WASHINGTON – Rep. Charles Rangel, one of the first lawmakers to push Hillary Rodham Clinton for Senate, is now angling to become the most powerful New Yorker – and African-American – in Congress.
Eight months after being caught in the furor of the Apollo Theatre investigation, Rangel today is a party superstar who has raised more than $1 million in just four months for fellow Democrats in Congress, and is savoring Clinton’s recent rise in the polls against Mayor Giuliani.
“Recruiting Hillary meant we had a chance to whup him,” says Rangel with a chuckle, making no effort to conceal his dislike of the mayor.
But Rangel’s Midas-like ability to raise megabucks for fellow New York lawmakers – and for Democrats across the country – in some ways marks an even higher point in his 30-year career in Congress.
“He is really good at talking to people. Raising money is about relationships and he is very good at that,” said House Minority Leader Dick Gephardt, the party’s top congressional fund-raiser.
By helping the party win back control of the House – lost to Republicans in 1994 during the wave that carried former Speaker Newt Gingrich into power – Rangel stands to see his own power extended.
If the Democrats win enough races this fall to cancel the Republicans’ current six-seat majority, he will become chairman of the powerful Ways and Means Committee, which controls 40 percent of the budget, writes tax laws and controls trade bills.
He’d be the first black lawmaker to chair that committee – a panel that will be on the hot seat in a few weeks when it takes its first crack at President Clinton’s proposal to boost China’s trade status.
About the easiest way to raise Rangel’s hackles is to suggest that his current post as top-ranking Democrat on the committee hasn’t enabled him to help New Yorkers by landing his share of pork.
“There is no question that [with me] as [Ways and Means] chairman, New York will do a hell of a lot better. When you’re chairman you don’t even have to work hard to get it done,” said Rangel, who insists he’ll land the state more federal aid if he’s running Ways and Means.
“New York state would benefit greatly if Charlie Rangel becomes chairman,” said Rep. Carolyn McCarthy, a Long Island Democrat who received $2,000 of the $57,500 Rangel has given this year to fellow congressman from his own campaign coffers.
Another $2,000 went to Rep. Michael Forbes (D-L.I.), who is in a tough re-election fight after switching his party affiliation from Republican. Rangel is also helping raise funds for Forbes.
So far this month, Rangel has visited San Diego, San Francisco, San Jose, Las Vegas, Detroit, Texas and Washington to attend fund-raisers.

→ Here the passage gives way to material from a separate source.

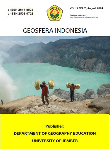 Vol. 10 No. 2 (2025)Geosfera Indonesia (Journal Initial : GEOSI) : | ISSN: 2598-9723 (Print)| ISSN: 2614-8528 (Online) is an international open access and peer-reviewed journal, published by Department of Geography Education, University of Jember, Indonesia. It is published three times a year in April, August, and December. Geosfera Indonesia is a journal publishes original research, review, and short communication (written by researchers, academicians, professional, and practitioners from all over the world) which utilizes geographic and environment approaches (human, physical landscape, nature-society and GIS) to resolve human-environment interaction problems... View full aims and scope
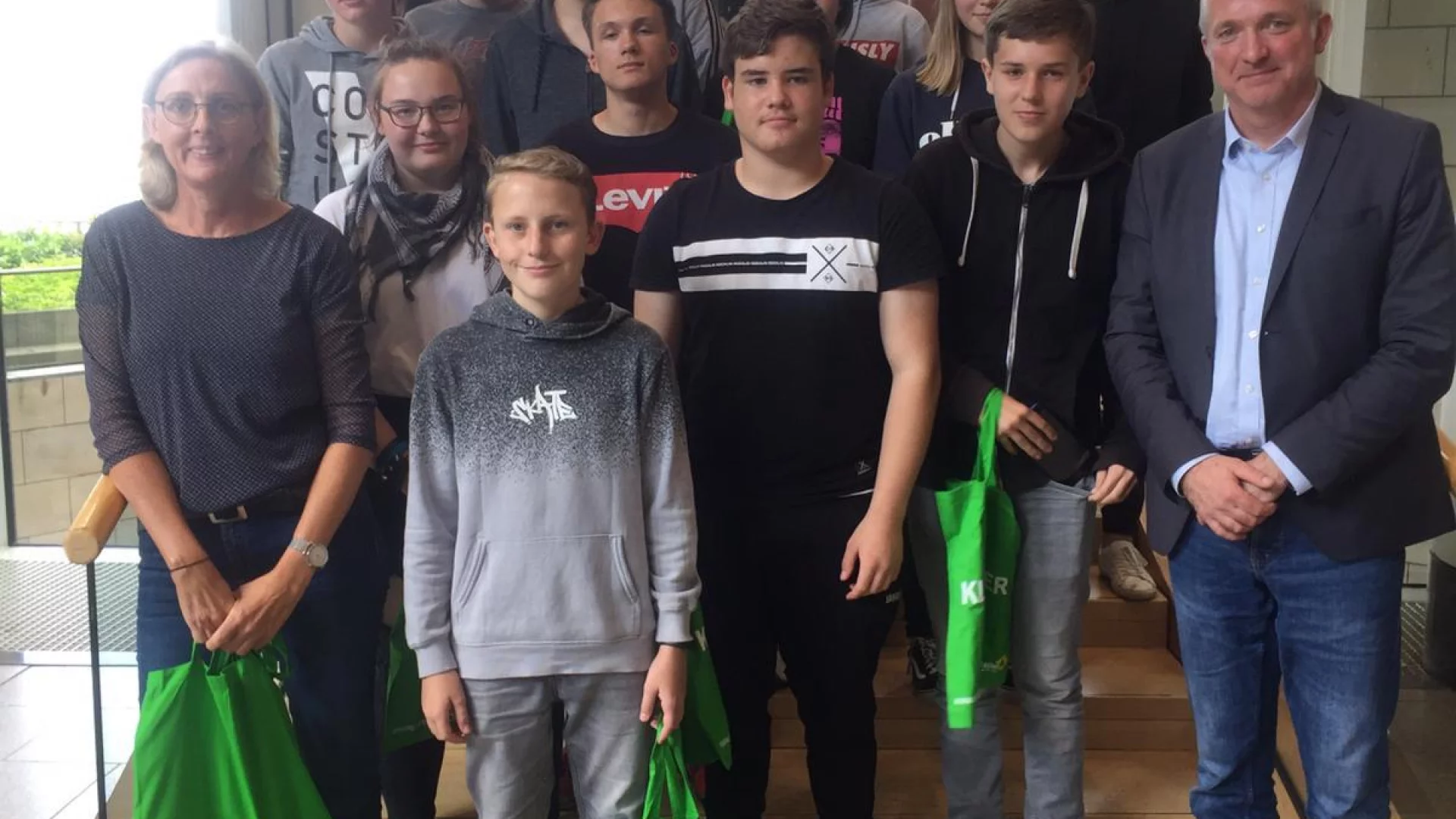 Für den Wahlpflichtkurs Sozialwissenschaften mit Kursleiterin Sandra Altemöller stand ein Besuch in der Landeshauptstadt auf dem Programm. In Düsseldorf besichtigten die Schülerinnen und Schüler der Jahrgangsstufe 9 nicht nur den Landtag, sondern konnten dort selbst in die Rolle der Politiker schlüpfen. Im Plenarsaal nahmen die Gäste aus Lüdinghausen Platz und übernahmen die Funktionen der Abgeordneten, die dort normalerweise sitzen. Unter anderem hielten unsere Schülerinnen und Schüler dort Reden, die im Unterricht eingeübt worden waren. Anschließend gab es ein Treffen mit dem Landtagsabgeordneten Norwich Rüße, der Einblicke in den Alltag des Landtagsabgeordneten vermittelte, Fragen beantwortete und aufzeigte, wie eng Politik und "echtes Leben" miteinander verbunden sind.

“They throw [money] at me,” he joked recently. He concedes: “The fact that I’m ranking Democrat on Ways and Means is a drawing card at every fund-raiser.”
Last year, he raised $2.5 million for the Democratic Party. In less than four months this year he’s already topped the $1 million mark and his staff sees no reason he won’t easily eclipse his 1999 effort.
He’s No. 3 in fund-raising among House Democrats, behind Gephardt and Rep. Patrick Kennedy (D-R.I.), chairman of the party committee that oversees efforts to elect Democrats.
On June 5 at the Supper Club in New York, Rangel will preside over a massive fund-raiser Vice President Al Gore is expected to attend that should net more than $1.5 million for the party.
Rangel, who is as effective winning campaign contributions from Wall Streeters as from such entertainers as Spike Lee, Bill Cosby and Ossie Davis, says he’s aware he’s a symbol to many blacks.
“It’s a great responsibility,” he says. “If I become chairman, you can be certain that I will leave my fingerprints” on the budget, “bumping up spending on social programs that help areas like Harlem,” his home.
It was just last summer that Rangel was drawn into in the probe of the financially ailing Apollo and his role as its board chairman amid charges that the theater had failed to collect millions in fees from longtime pal Percy Sutton.
Rangel agreed to give up the chairmanship in a deal in which state Attorney General Eliot Spitzer, a Democrat, dropped a lawsuit launched by his Republican predecessor and said Rangel and other board members had acted in good faith.